# Horrid Yellow Kitchen!! HELP



## DIYChic55 (Oct 17, 2012)

My Fiance and I bought our new home this past spring. I have been repainting all the rooms because the previous owners apparently loved REALLY BRIGHT colors!!!! I have no Idea what color paint to put on the kitchen walls. The kitchen has got reddish oak cabinets with some very very custom8| red knotty pine shelfing with light oak flooring. It is open to the dining room which has wainscoting in red knotting pine and the flooring is a light pine! I cant wrap my head around all the different wood tones or figure out how to make this kitchen flow and look a bit more updated. My dream kitchen would be Tuscan themed....so so far from what it currently is. please Help


----------



## DIYChic55 (Oct 17, 2012)

that is a slanted drop ceiling with white tiles and black rails..... I have no idea why it is there, from what i see the original ceiling looks fine. It is in the living room as well


----------



## user1007 (Sep 23, 2009)

Well, we do know that valance or wallpaper border has got to go right?

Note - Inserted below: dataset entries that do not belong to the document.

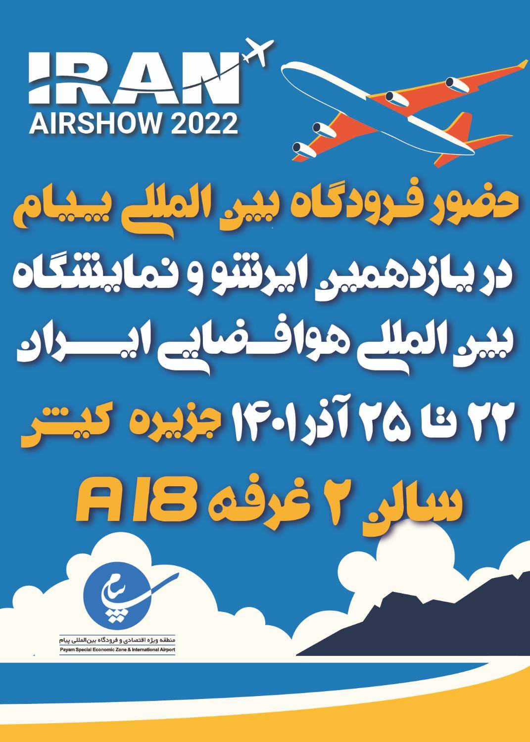 یازدهمین نمایشگاه بین المللی هوایی ایران با نام گذاری «تولید، دانش بنیان، اشتغال آفرین در حوزه فناوری پیشرفته صنایع هوافضایی به عنوان لبه فناوری» در تاریخ 22 لغایت 25 آذر ماه 1401 مطابق با 13 لغایت 16 دسامبر 2022 با حضور گسترده شرکتهای دانش بنیان، مراکز تحقیقاتی و پژوهشی و پشتیبانی تجهیزات هوایی، مارکز صنعتی، تولیدی و ساخت و شرکتهای داخلی و خارجی فعال در جزیره کیش برگزار میشود.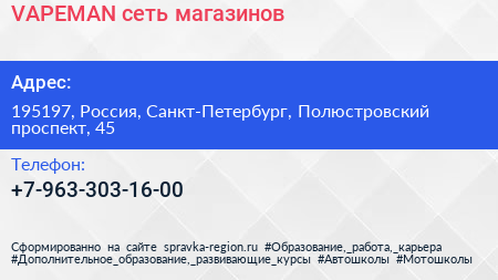VAPEMAN, сеть магазинов по адресу 195197, Россия, Санкт-Петербург, Полюстровский проспект, 45 в дальнейшем Организация, размещена в следующих категориях: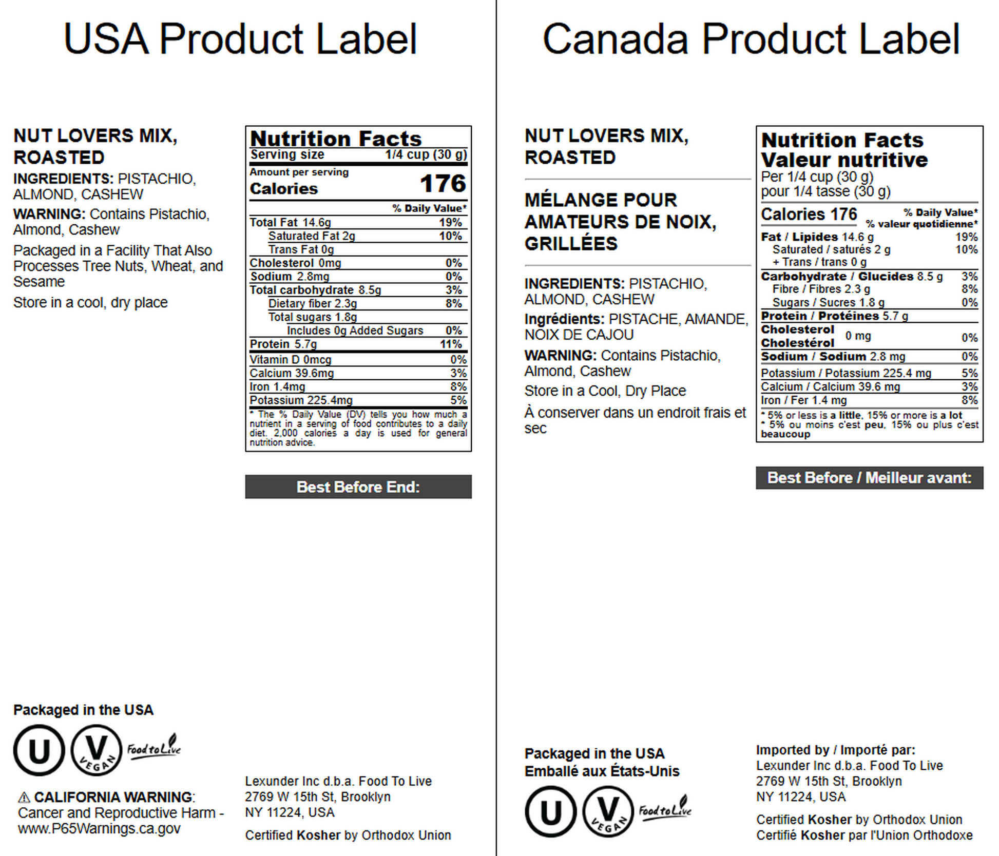 Nut Lovers Mix, Roasted – Vegan, Kosher, Bulk – by Food to Live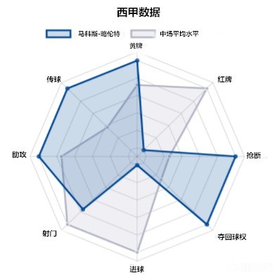 (图)略伦特上赛季的数据与西甲中场平均数据的对比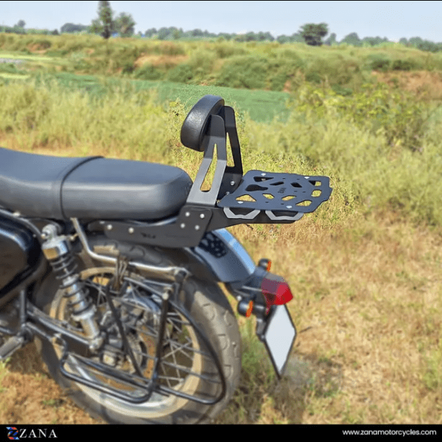 Designed to enhance your BSA Goldstar 650’s functionality and passenger comfort, this Top Rack with Pillion Backrest (Type-1) is crafted from durable mild steel with a sleek black finish. It offers a perfect blend of strength, style, and convenience, making it a must-have accessory for both long-distance touring and daily commuting.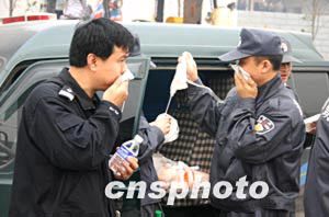 四月十七日,在重慶市天原化工總廠附近待命的警察正在領(lǐng)取口罩。十五日晚,該廠發(fā)生氯氣泄漏事故,有十五萬人撤離。作者:鄒輝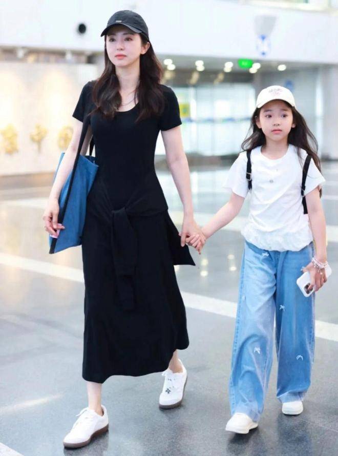 反观董璇,离婚后的衣品像按下重启键。从前偏爱淡雅旗袍的她,如今敢用露肩装混搭机车靴,连舌钉都透着股少女叛逆。带女儿出街时更化身行走的亲子穿搭教科书:她穿莫兰迪灰西装,小酒窝就配同色系背带裤;她换牛仔热裤,女儿立刻变身迷你版街头潮人。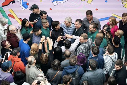 2019年,库克在华盛顿新装修的卡内基图书馆苹果店内与顾客打招呼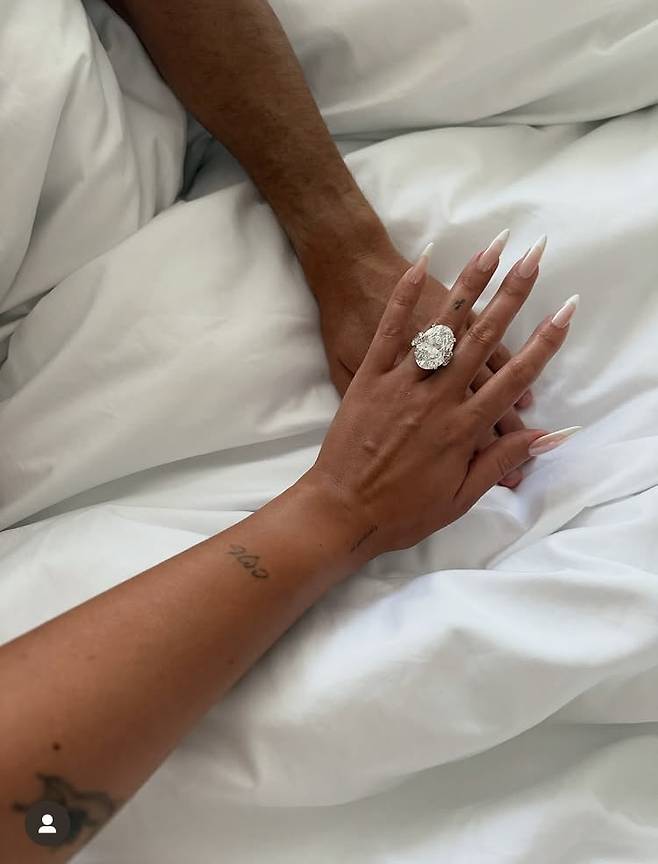 조지나는 반짝이는 다이아몬드 반지를 낀 자신의 손을 호날두의 손 위에 얹힌 사진을 공개하며 "네, 원해요. 이번 생과 모든 생에서"라는 글을 적었다.

I will play with some color schemes for you with the idea of sort of a Tuscan look. You might do a search for decorative ceiling panels. There are some nice ones out there, including tin ceiling type replicas, that replace the standard type you have. 

To clarify though. Are you saying there is a flat ceiling above that angled drop ceiling shown in the photo? The angle continues through into the dining room or living room? Is there a flat ceiling above that part of it as well?


----------



## DIYChic55 (Oct 17, 2012)

*Re:*

Yes! I agree about the border! It is already off! It was the first thing I did! Still yellow wall tho The pictures posted are actually pics from when the former owners owned it and from the real estate webpage. Thank you for taking the time and looking at color schemes. The pictures posted are a bit deceiving. The slant does not peak until it reaches the kitchen wall. then slants back down over the living room. The original ceiling is slanted with popcorn finish and only 2" of space above drop ceiling. I was looking into do can lights but there is not enough room. The slanted ceiling is in the kitchen/dining room and the living room. NO where else thankfully. It is a ranch style home.


----------



## user1007 (Sep 23, 2009)

Well as a starting point for color exploration I grabbed the RGB code from sort of a common color in the kitchen cabinets and then crawled down either side of the color wheel, lightened the basic hue and am showing analalgous color schemes (those colors next to each other on the color wheel)---one blended to olive the other to rose with some "noise" added. Comments so far? I can tweak and try other schemes. If any of the hues or values in the blends strike your fancy, use a pixel grabber to get the RGB code. Then go the free site, easyrgb.com and pick a major paint company (Benjamin Moore, Sherwin Williams, etc.) and color collection. Type in the RGB code and the system will kick out the four closest color chips in the paint line. In working with color on your computer, make sure your monitor is set to the 6500K color temperature profile. This is the industry standard and helps keep everybody on the same page.


----------



## beenthere (Oct 11, 2008)

Moved to interior Decorating forum.


----------



## imautoparts (Oct 10, 2012)

Your first step will be the challenge of removing that border wallpaper. My muscles twitch just knowing a fellow human being will be doing such a grueling and thankless job. Oh wait! I see you already did that. Wow. 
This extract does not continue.